Exercise prompt: Please, from the entries below, transcribe exactly the lines that begin at the line with "三重県の高校生を本校に迎え、" and end at the line with "值得一提的是,日前,廈門市軌", without the pictures.

Available data: Begin

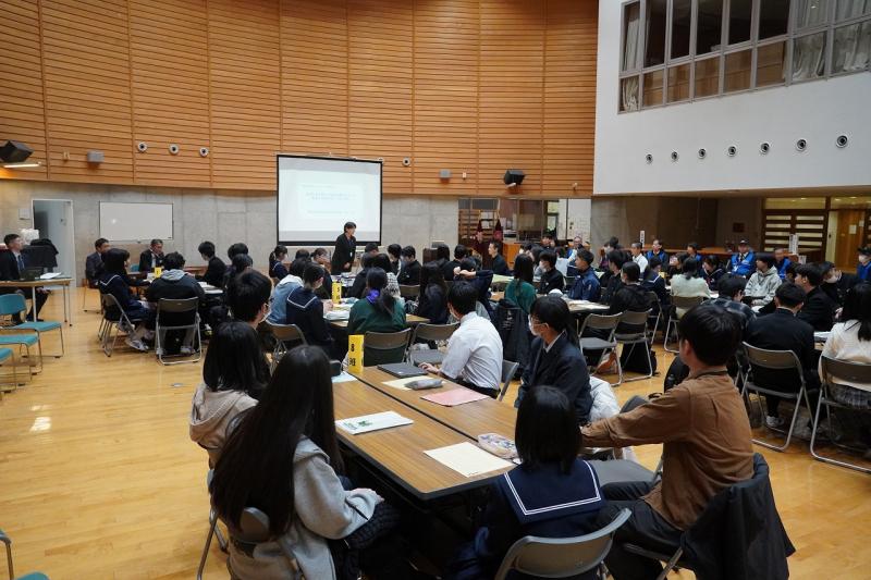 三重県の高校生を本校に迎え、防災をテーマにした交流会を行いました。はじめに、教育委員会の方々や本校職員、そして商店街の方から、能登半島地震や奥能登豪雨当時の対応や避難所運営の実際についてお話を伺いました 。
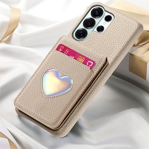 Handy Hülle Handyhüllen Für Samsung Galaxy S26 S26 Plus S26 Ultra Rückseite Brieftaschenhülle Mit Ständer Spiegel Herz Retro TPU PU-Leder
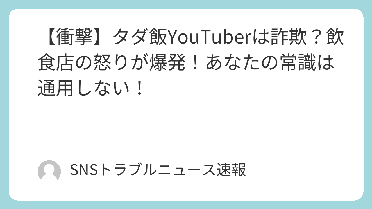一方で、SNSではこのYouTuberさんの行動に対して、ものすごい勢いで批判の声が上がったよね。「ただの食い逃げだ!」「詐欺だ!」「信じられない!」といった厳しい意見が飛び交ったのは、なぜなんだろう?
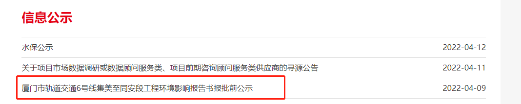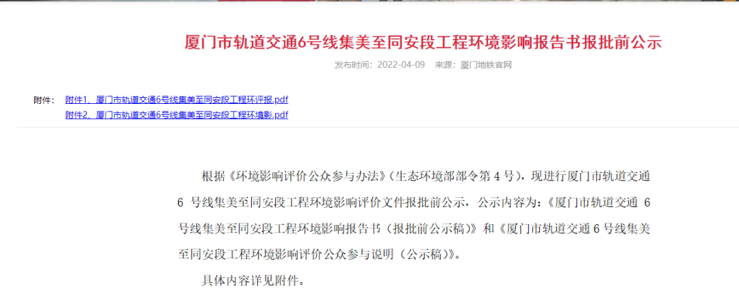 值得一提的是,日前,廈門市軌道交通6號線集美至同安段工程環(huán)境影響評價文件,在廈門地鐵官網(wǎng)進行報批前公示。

Available data: End
Available data: Begin

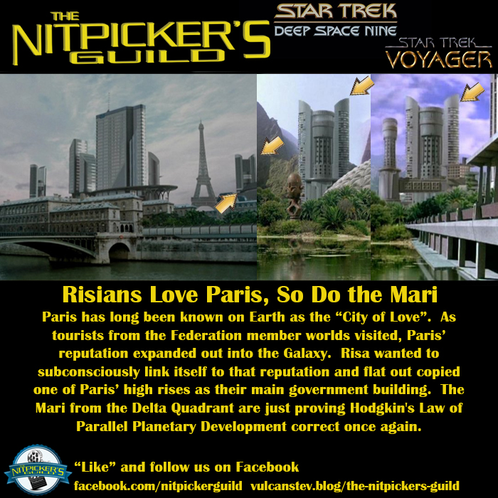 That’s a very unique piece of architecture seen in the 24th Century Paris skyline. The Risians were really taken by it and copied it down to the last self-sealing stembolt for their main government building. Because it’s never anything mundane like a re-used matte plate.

Available data: End
Available data: Begin

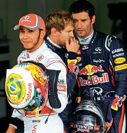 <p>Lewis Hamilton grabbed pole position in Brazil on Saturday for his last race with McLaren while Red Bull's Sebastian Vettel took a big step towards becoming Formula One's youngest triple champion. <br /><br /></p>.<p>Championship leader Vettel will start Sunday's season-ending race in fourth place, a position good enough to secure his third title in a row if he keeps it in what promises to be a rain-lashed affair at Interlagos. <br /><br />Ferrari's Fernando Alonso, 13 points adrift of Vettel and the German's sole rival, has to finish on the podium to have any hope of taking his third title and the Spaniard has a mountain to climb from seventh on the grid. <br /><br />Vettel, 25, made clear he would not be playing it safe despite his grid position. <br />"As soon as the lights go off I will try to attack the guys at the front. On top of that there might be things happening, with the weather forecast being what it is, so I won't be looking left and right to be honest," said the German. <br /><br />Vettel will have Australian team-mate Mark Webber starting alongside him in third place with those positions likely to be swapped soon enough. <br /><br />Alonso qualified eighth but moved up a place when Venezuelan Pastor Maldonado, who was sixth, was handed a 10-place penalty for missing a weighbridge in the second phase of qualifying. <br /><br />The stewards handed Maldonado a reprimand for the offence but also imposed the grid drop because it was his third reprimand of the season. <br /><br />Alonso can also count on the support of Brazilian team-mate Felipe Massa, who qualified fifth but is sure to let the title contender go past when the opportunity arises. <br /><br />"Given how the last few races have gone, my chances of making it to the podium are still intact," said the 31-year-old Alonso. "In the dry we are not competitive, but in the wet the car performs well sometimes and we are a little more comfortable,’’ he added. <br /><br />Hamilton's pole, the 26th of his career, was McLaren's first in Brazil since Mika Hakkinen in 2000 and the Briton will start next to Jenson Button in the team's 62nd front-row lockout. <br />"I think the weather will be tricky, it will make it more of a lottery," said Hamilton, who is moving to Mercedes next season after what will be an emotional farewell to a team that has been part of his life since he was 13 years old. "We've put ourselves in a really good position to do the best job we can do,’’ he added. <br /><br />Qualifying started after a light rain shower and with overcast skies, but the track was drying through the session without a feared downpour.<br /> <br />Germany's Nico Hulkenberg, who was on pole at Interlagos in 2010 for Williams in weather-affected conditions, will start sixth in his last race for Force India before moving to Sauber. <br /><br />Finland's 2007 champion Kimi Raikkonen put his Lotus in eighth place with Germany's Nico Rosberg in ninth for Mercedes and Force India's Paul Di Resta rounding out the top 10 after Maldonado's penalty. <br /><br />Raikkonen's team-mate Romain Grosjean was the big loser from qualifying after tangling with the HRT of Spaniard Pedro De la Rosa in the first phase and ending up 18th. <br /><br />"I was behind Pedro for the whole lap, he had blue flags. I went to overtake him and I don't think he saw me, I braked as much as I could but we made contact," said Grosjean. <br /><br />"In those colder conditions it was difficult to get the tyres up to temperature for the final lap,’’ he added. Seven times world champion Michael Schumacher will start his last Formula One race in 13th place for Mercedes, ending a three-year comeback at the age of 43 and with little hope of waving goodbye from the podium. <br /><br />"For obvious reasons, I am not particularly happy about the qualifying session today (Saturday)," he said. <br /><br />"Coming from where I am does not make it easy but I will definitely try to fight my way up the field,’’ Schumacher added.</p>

Available data: End

Response to the task:
 三重県の高校生を本校に迎え、防災をテーマにした交流会を行いました。はじめに、教育委員会の方々や本校職員、そして商店街の方から、能登半島地震や奥能登豪雨当時の対応や避難所運営の実際についてお話を伺いました 。
 Handy Hülle Handyhüllen Für Samsung Galaxy S26 S26 Plus S26 Ultra Rückseite Brieftaschenhülle Mit Ständer Spiegel Herz Retro TPU PU-Leder
一方で、SNSではこのYouTuberさんの行動に対して、ものすごい勢いで批判の声が上がったよね。「ただの食い逃げだ!」「詐欺だ!」「信じられない!」といった厳しい意見が飛び交ったのは、なぜなんだろう?
 值得一提的是,日前,廈門市軌道交通6號線集美至同安段工程環(huán)境影響評價文件,在廈門地鐵官網(wǎng)進行報批前公示。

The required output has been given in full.